= What you have to do =
Everything in the data below is left aside except the lines from the one containing "Banc de rangement" through the one containing "クリスさんの誕生日をお祝いす"; repeat those exactly.

= The data =
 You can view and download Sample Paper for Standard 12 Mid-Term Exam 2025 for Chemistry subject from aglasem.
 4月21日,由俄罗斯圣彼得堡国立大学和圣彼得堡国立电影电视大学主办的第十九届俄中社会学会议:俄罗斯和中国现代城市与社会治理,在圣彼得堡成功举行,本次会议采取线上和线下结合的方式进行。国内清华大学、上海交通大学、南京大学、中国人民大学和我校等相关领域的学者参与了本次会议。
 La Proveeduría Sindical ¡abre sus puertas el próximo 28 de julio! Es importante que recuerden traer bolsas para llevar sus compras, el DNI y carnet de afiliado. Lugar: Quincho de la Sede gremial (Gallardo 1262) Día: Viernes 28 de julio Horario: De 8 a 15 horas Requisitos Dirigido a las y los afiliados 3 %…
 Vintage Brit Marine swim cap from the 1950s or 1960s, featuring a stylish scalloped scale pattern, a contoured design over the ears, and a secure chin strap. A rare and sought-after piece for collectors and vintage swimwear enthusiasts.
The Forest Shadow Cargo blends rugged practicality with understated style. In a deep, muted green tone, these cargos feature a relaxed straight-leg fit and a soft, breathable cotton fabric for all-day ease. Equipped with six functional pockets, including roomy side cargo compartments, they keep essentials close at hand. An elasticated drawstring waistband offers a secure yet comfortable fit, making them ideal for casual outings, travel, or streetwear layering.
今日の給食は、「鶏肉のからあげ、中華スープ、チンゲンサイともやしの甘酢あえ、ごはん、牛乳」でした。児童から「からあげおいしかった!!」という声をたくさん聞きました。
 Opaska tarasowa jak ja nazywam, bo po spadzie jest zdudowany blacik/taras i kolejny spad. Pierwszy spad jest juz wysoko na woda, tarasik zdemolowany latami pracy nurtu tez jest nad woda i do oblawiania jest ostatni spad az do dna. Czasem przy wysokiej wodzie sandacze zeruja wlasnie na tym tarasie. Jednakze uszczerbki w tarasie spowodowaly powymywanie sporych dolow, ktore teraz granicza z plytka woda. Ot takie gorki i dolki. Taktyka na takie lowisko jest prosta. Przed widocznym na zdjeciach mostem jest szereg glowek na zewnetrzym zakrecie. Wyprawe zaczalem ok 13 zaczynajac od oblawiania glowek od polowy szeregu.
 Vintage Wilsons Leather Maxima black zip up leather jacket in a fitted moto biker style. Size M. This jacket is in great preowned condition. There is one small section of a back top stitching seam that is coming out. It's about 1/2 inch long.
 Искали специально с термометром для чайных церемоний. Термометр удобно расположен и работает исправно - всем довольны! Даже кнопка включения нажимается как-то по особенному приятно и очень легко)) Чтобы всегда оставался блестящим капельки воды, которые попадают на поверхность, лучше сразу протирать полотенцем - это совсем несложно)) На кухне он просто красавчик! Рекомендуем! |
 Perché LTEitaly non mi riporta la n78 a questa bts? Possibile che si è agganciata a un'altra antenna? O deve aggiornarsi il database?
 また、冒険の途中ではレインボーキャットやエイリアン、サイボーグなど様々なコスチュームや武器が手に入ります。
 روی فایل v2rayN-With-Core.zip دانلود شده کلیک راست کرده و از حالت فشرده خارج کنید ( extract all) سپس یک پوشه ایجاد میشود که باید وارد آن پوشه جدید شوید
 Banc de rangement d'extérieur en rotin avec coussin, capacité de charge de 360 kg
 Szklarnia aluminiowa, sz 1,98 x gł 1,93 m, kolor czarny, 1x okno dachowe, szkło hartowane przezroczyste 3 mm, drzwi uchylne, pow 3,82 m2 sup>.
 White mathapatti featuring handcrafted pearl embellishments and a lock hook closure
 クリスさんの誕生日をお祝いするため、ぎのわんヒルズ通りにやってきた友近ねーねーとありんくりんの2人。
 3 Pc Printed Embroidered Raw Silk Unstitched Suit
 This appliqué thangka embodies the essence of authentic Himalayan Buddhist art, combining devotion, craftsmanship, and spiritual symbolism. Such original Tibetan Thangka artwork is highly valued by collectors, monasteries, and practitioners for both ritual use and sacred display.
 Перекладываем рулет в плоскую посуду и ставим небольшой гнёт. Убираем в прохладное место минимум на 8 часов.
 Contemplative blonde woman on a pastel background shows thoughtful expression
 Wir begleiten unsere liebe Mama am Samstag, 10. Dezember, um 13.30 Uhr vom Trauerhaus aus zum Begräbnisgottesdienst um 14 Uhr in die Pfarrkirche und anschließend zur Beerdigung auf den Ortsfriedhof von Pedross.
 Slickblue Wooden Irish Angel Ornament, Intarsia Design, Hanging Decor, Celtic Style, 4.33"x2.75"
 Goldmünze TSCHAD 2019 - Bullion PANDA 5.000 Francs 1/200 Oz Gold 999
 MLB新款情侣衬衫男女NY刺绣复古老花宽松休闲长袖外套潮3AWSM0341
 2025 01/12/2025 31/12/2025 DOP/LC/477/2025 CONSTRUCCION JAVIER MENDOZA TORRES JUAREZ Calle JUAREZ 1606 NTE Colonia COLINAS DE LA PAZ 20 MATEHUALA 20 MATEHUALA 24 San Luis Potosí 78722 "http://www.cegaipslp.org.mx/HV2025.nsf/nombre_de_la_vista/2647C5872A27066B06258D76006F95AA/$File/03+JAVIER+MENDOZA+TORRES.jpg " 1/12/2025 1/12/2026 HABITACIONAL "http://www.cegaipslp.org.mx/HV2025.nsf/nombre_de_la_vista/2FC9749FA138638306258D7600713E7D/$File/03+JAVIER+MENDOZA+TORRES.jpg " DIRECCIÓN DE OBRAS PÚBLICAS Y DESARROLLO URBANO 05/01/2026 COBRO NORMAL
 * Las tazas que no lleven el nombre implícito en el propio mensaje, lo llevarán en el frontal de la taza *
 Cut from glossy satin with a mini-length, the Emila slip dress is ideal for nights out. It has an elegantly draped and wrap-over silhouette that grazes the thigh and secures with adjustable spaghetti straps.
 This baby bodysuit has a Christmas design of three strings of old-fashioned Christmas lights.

= Answer for this exercise =
 Banc de rangement d'extérieur en rotin avec coussin, capacité de charge de 360 kg
 Szklarnia aluminiowa, sz 1,98 x gł 1,93 m, kolor czarny, 1x okno dachowe, szkło hartowane przezroczyste 3 mm, drzwi uchylne, pow 3,82 m2 sup>.
 White mathapatti featuring handcrafted pearl embellishments and a lock hook closure
 クリスさんの誕生日をお祝いするため、ぎのわんヒルズ通りにやってきた友近ねーねーとありんくりんの2人。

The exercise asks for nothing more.